Tuesday, February 1, 2011

The Egyptian Army: The Unknown Factor



In attempting to convince Mubarak to leave the scene, Washington obviously wants  to temper any further radicalization on the streets of Egypt and, above all, to ensure that the Egyptian Army remains unscathed. That would enable the generals to remain the power behind the scenes in the coming weeks and months—ready to step in, if necessary, to veto any attempt by Islamic fundamentalists to come to power—even by free and open elections. 
But determining what the Egyptian Army will ultimately do requires weighing a host of factors.
The announcement, for instance, that the Egyptian Army would refuse to take up arms against the people played perfectly into Washington’s game plan. It undercut Mubarak and prevented him from attempting a bloody showdown that could have been disastrous. In fact, the Egyptian military made that same announcement in 1977 when they were called in to quell riots after President Sadat announced cuts in basic food subsidies. The Army refused to intervene unless the subsidies were reestablished. Sadat restored the subsidies.
But does that mean the Army would be willing to step aside for whatever the will of the people turns out to be?  For a government dominated by the Moslem Brotherhood, for instance? For a government hostile to the U.S.? to Israel?

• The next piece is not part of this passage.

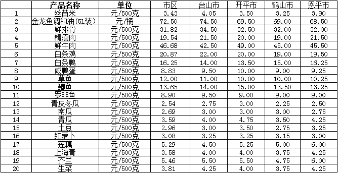 说明:1、表中价格为该地区监测点综合平均价;2、“市区”含蓬江区、江海区、新会区,价格分别采自蓬江市场、江南市场、城东市场等13家农贸市场;3、其他四个县市价格分别采自新华市场、锦江市场等8家农贸市场。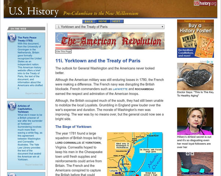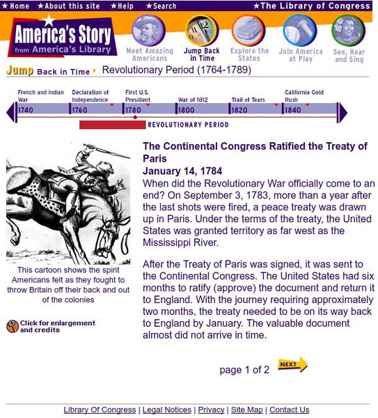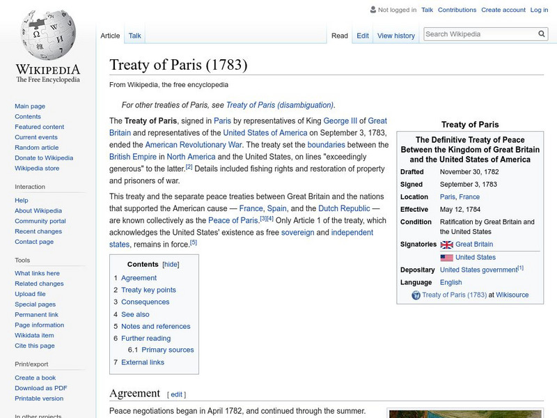 From the Library of Congress, this article presents detailed information about the 1783 Treaty of Paris and the end of the Revolutionary War. Contains many links to many different primary resources as well as details of the Treaty...

Of course, the Army is not monolithic. Its lower ranks are very much of the people: filled with hundreds of thousands of conscripts, drawn from the most humble ranks of society. The army has traditionally been the most important means of socializing and educating the lower classes, in theory, inculcating them with a sense of pride and patriotism. Indeed the 1971 Constitution says that the Egyptian Army shall “belong to the people”" This sentiment was made dramatically clear by the iconic images of soldiers shaking hands and embracing the demonstrators, even allowing them to paint slogans on their battle tanks.
The top ranks of the army, however, have other concerns—beginning with personal survival.  They certainly will never forget the lurid spectacle of Iranian generals being publicly executed in the aftermath of Khomeini’s revolution in Iran. Iran also demonstrated that a radical revolution also means a radically transformed military. (Egypt’s generals have a constant reminder of that lesson nearby:  The Shah is buried in a Cairo mosque.).
Under Mubarak, the top ranks of the Egyptian army have also enjoyed a pampered existence, in sprawling developments such as Cairo’s Nasr City. There, as elsewhere in Egypt, officers are housed in spacious condominiums, at highly subsidized rents,  They enjoy other amenities the average Egyptian can only dream of, such as nurseries, schools and military consumer "cooperatives" selling a range of domestic and imported products at discount prices.
One of the most indulged units is the Egyptian Republican Guard, a heavily armored division, with the main responsibility of defending Cairo and key government institutions. They are under the control of the Minister of Defense. It is apparently the only significant military unit allowed in central Cairo, apart from the intelligence service’s military branch.  Its ranks are filled primarily by highly motivated volunteers rather than conscripts. They are rewarded with bonuses, new cars and subsidized housing and greater training than the regular army.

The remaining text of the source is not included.